__PROVIDED RECORDS__:
* * *

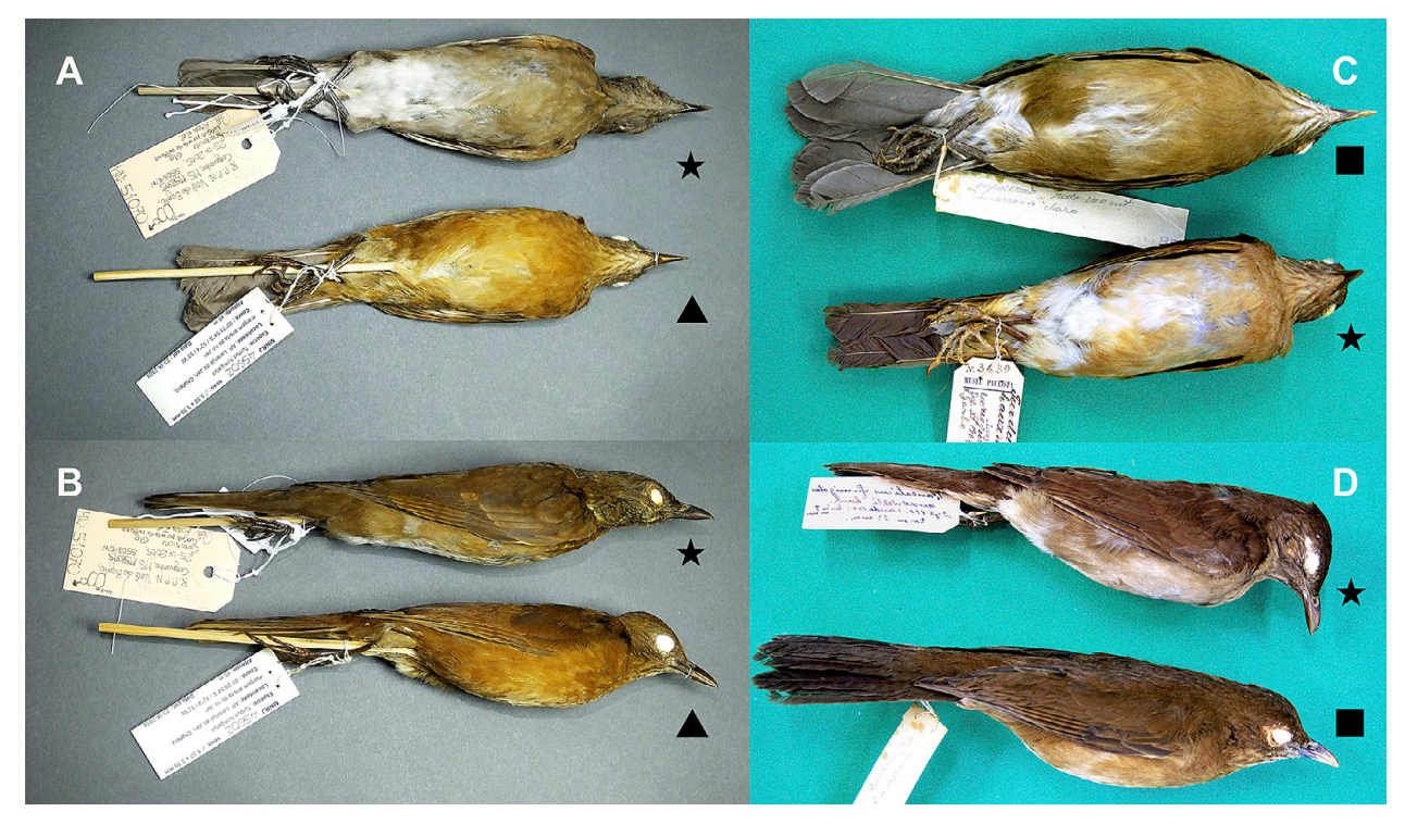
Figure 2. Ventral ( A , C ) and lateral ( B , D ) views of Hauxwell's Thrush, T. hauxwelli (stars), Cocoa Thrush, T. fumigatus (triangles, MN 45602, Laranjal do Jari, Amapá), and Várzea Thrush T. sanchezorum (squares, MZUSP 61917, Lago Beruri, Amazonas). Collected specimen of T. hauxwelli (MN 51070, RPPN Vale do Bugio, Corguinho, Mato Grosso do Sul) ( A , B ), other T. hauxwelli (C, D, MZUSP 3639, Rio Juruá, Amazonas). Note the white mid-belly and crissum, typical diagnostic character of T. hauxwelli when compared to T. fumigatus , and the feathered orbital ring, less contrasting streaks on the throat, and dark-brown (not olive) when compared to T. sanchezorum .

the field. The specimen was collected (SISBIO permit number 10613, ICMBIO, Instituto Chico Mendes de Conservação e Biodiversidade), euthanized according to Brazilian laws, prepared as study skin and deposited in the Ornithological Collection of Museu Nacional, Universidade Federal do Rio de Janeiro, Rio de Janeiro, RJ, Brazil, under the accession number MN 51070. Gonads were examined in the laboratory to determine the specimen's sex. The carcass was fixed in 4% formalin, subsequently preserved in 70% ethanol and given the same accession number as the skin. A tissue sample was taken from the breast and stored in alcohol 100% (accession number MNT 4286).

* * *

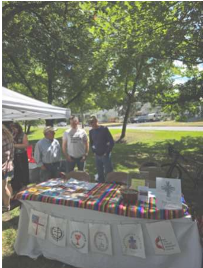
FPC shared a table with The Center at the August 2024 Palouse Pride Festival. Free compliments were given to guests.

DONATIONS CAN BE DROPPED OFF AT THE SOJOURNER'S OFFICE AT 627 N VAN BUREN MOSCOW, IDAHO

* * *

__TASK STATEMENT__: Look through the records above and please copy every line in which the string "were" occurs.

__WRITTEN RESPONSE__:
the field. The specimen was collected (SISBIO permit number 10613, ICMBIO, Instituto Chico Mendes de Conservação e Biodiversidade), euthanized according to Brazilian laws, prepared as study skin and deposited in the Ornithological Collection of Museu Nacional, Universidade Federal do Rio de Janeiro, Rio de Janeiro, RJ, Brazil, under the accession number MN 51070. Gonads were examined in the laboratory to determine the specimen's sex. The carcass was fixed in 4% formalin, subsequently preserved in 70% ethanol and given the same accession number as the skin. A tissue sample was taken from the breast and stored in alcohol 100% (accession number MNT 4286).
FPC shared a table with The Center at the August 2024 Palouse Pride Festival. Free compliments were given to guests.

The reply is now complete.